I went to the location and the TM was in a meeting. I left my info and haven't received a call yet. I hope I do get a chance b/c it would fill an open slot and be a perfect closure for contracts this season. With a loader and about 4 trucks we'd knock it out.


----------



## noplower

jjfinn;809497 said:


> Has anyone here been awarded a contract with them?
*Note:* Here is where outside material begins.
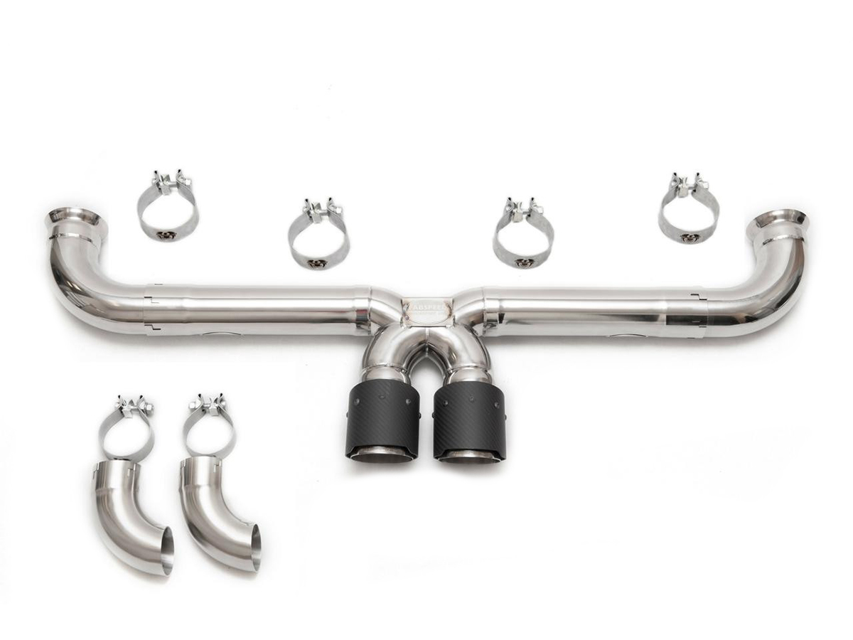 • Saves over 54lbs (24kg) from the rear of the 991 GT3 which improves handling and acceleration by replacing the bulky factory center muffler and side mufflers

I tried to retrieve the thread from LS to post here but it's gone. The thread had over 500 posts and not one post was about getting a contract. If someone questioned the validity of the bidding ,Trevor would flame the poster . Again, I'll eat my words if I'm wrong but if I'm not, this dude needs to be taught some sort of lesson.


----------



## firedawg1983

Hey got H20 I tried for that branch as well and I haven't heard a thing back. When I tried calling he was in a meeting then when I did contact him finally, he redirected me back to contract services and I got Trevors VM. Since then I haven't heard a thing so I may head up there today. Not sure if I will have time though I have to go finalize a few other contracts in Porter and LaPorte counties today.


----------



## Elite Property Services

Has anyone heard back from these guys?


----------



## firedawg1983

not a word yet


----------



## TrevorsLawnCare

Haven't been on in a while. A lot of the bids I have received are a lot higher than in previous years. I know some of you guys are interested in the Hammond terminal which has been awarded. The terminals below are the ones that have been awarded. The fax number for my office is 586-467-0114. If you are unable to get ahold of the terminal manager, feel free to email a bid to [email protected] or fax it to 586-467-0114.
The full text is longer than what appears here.